# Task goal
Write out the lines below exactly, beginning at the one with "김천시(시장 김충섭)은 올해" and stopping after the one with "This brings me"; the pictures are not copied.

# Data excerpts
####################
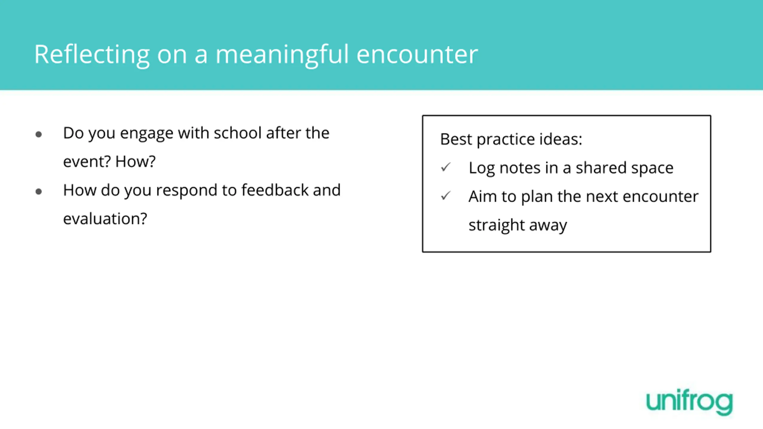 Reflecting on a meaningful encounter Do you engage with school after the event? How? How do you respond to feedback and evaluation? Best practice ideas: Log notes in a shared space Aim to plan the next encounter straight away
####################
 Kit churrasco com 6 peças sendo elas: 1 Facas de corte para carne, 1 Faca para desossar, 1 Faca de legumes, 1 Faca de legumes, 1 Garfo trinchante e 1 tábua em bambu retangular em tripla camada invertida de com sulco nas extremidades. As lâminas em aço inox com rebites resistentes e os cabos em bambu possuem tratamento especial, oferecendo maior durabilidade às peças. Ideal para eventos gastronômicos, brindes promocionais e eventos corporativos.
####################
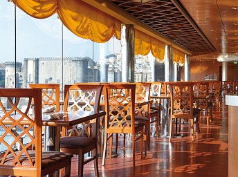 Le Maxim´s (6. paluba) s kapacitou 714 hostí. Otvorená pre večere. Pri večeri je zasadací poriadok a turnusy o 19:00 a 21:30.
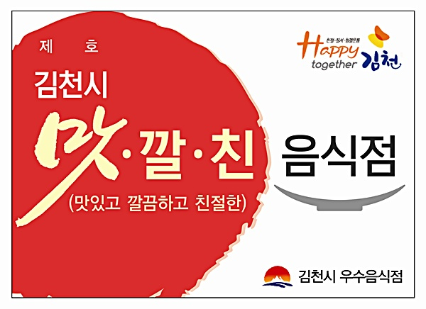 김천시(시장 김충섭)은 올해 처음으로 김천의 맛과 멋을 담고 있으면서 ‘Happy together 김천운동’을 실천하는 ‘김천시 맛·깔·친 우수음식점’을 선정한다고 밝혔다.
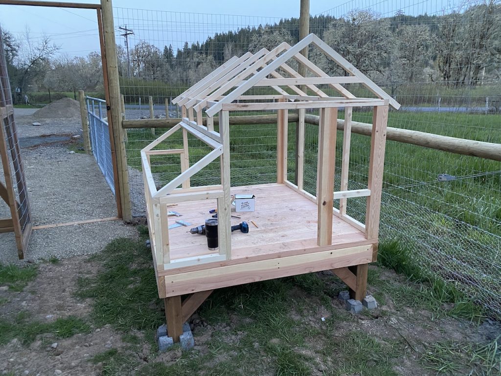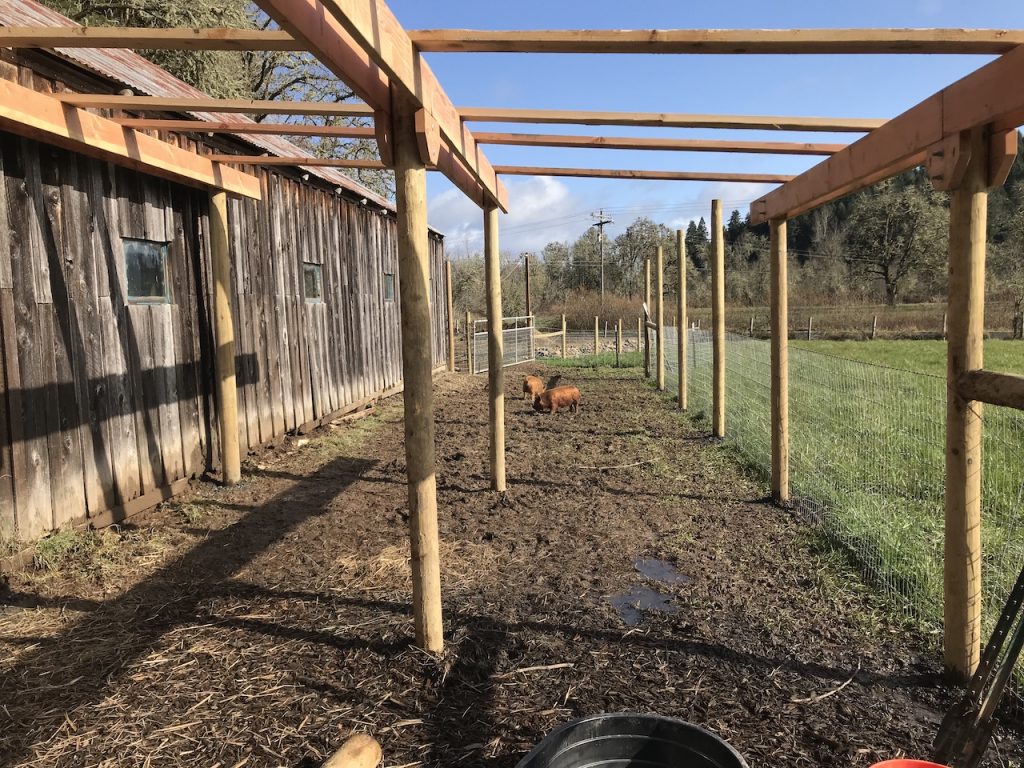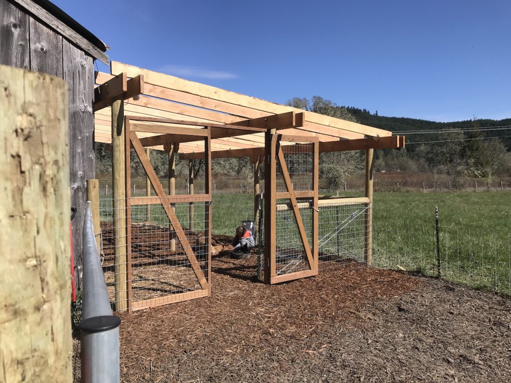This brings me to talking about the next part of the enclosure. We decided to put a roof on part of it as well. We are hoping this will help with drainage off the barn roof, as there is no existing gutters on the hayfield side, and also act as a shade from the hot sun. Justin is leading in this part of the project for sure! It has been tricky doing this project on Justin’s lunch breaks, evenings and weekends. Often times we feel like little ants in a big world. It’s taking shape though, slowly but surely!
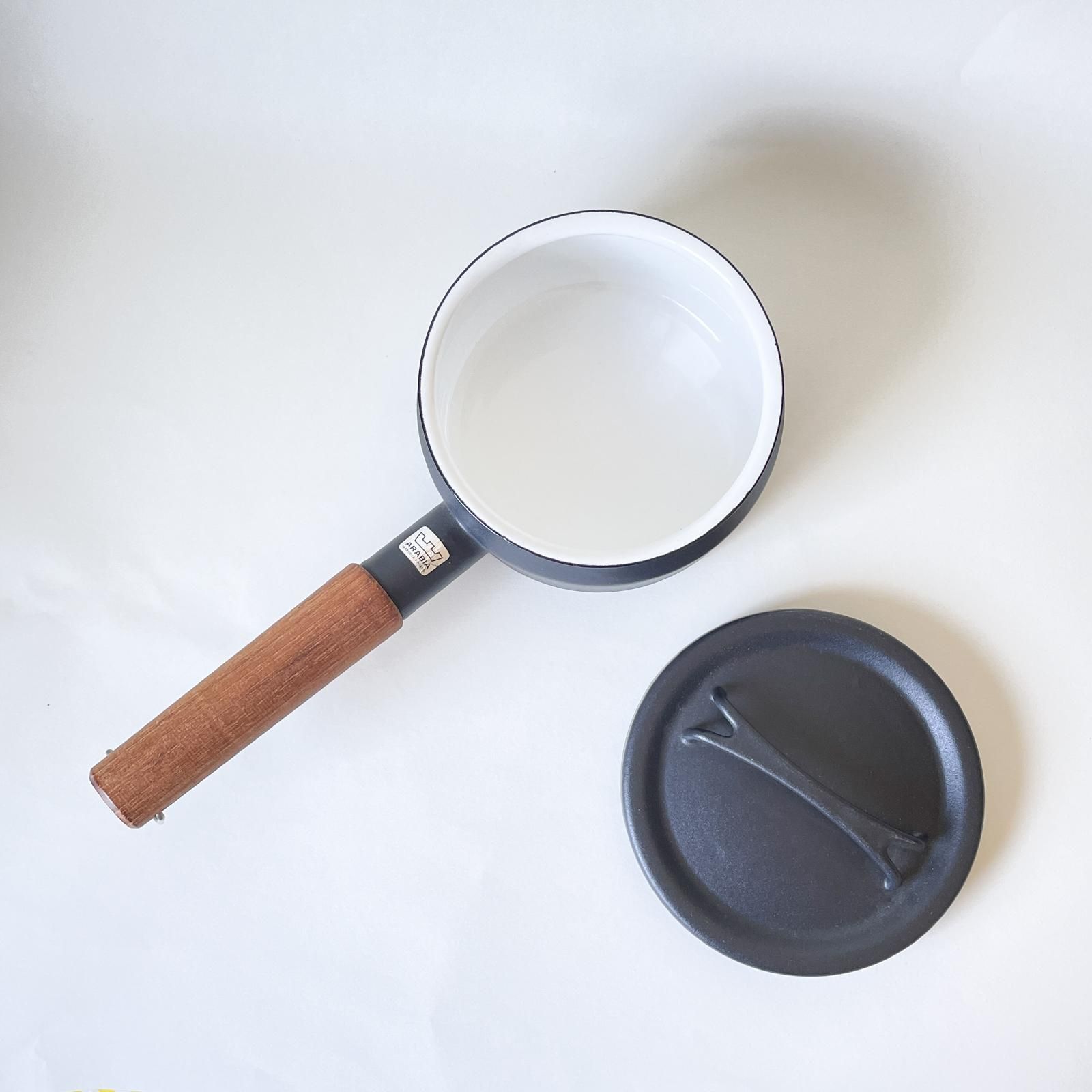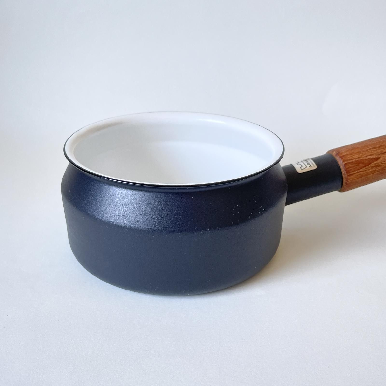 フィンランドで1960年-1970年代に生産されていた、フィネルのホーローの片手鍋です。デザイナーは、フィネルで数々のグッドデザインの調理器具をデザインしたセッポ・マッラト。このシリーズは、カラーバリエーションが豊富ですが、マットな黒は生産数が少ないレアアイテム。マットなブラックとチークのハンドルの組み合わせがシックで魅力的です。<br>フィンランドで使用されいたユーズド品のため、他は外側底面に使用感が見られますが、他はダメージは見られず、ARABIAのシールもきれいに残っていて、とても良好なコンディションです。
####################
# Output for this task
 김천시(시장 김충섭)은 올해 처음으로 김천의 맛과 멋을 담고 있으면서 ‘Happy together 김천운동’을 실천하는 ‘김천시 맛·깔·친 우수음식점’을 선정한다고 밝혔다.
This brings me to talking about the next part of the enclosure. We decided to put a roof on part of it as well. We are hoping this will help with drainage off the barn roof, as there is no existing gutters on the hayfield side, and also act as a shade from the hot sun. Justin is leading in this part of the project for sure! It has been tricky doing this project on Justin’s lunch breaks, evenings and weekends. Often times we feel like little ants in a big world. It’s taking shape though, slowly but surely!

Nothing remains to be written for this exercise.